Through public opinion research, Mike works to bring the voice of those most affected by today’s issues into the policymaking process. He works mainly with nonprofit organizations and foundations and has briefed members of Congress, White House officials, state-elected officials, journalists, activists and others on his findings.
He works on a wide variety of social issues but specializes in health care research. He holds a master’s degree from the University of Southern California.
In this episode, he discusses how he found his way into public opinion research, including how growing up with a father who was a family physician helped inspire his later concentration on health care issues.
He said he was unfocused in college but graduated with an English degree and then pursued a graduate degree in international relations. Upon graduation, he returned to his hometown of Washington, D.C., assuming he would find a job doing something international. However, he needed money and the first job he accepted happened to be in public policy research.

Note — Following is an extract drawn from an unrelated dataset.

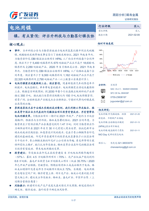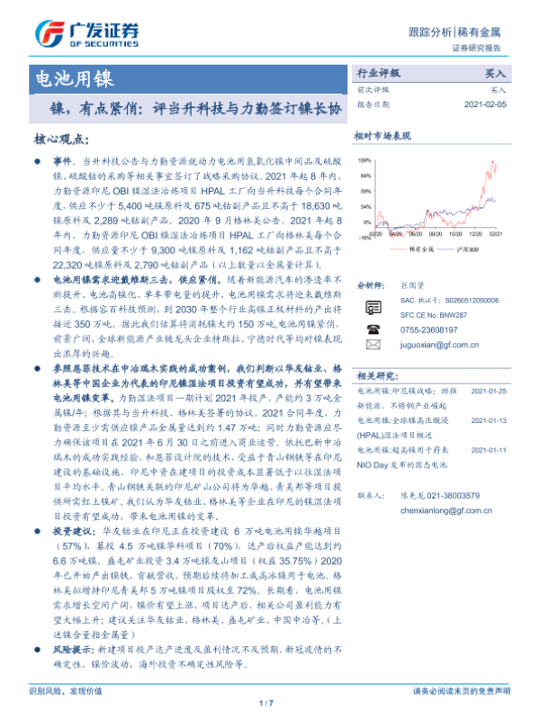 【广发证券】【20210205】稀有金属电池用镍:镍,有点紧俏:评当升科技与力勤签订镍长协-7页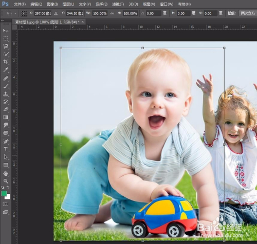 第五步:按Ctrl+T键,图层呈可调节状况。

“I stumbled into this career and found out I loved it,” he said. “I love doing focus groups, I love doing surveys, I love asking people about their lives, so it all really started there.”

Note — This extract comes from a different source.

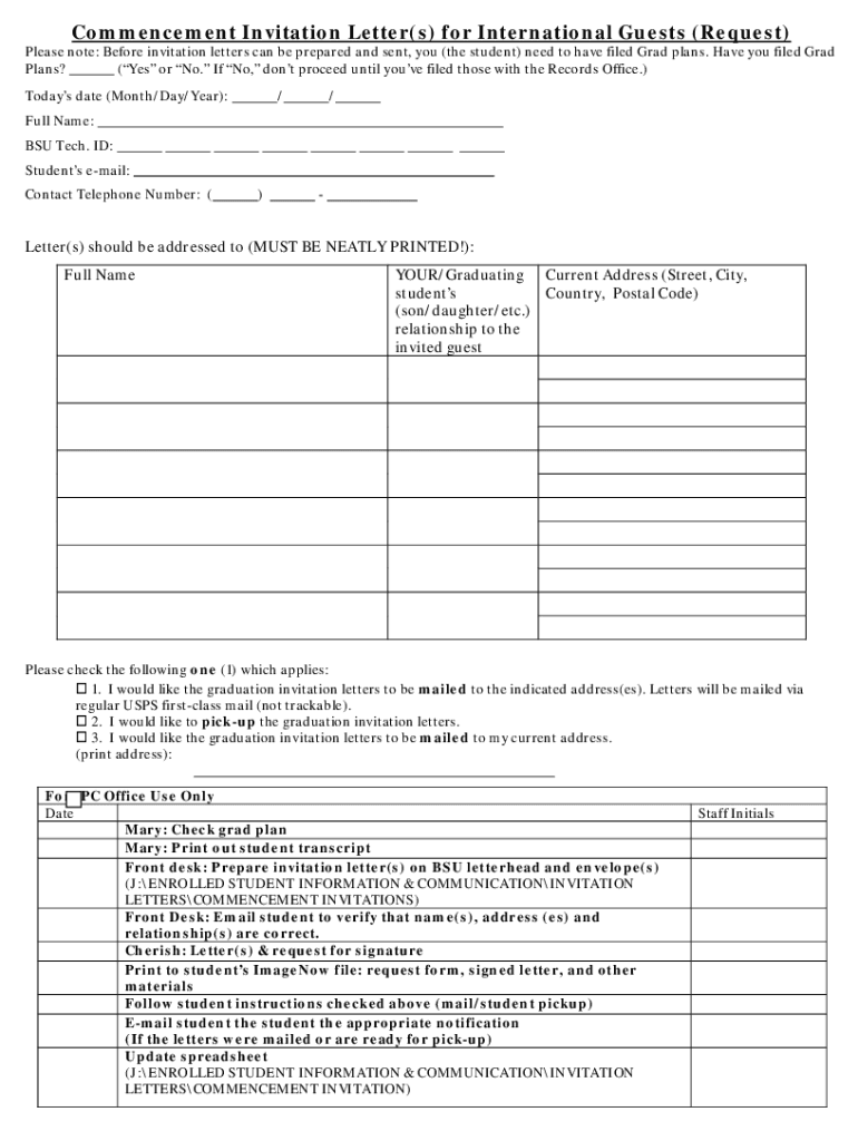 Commencement Invitation Letter(s) for International Guests (Request)Please note: Before invitation letters can be prepared and sent, you (the student) need to have filed Grad plans. Have you filed

He discusses how over the course of his career he has seen the public opinion on health care evolve to become more divided. He said it’s become politicized, especially after the Affordable Care Act was created and became targeted by politicians. The collective approach that had existed to health care was torn apart, he said.
“It’s sort of been hard to get us back to that place of common ground on health care,” he said.
He discusses establishing his own public research firm and why they intentionally created it — and maintain it — as a nonpartisan organization.
He also shares findings from recent research he conducted in Kansas and nationally that reveals what is most challenging to families raising young children right now. Child care is expensive and families are facing tough choices, he said, including whether to even have children or whether they can continue working while raising them.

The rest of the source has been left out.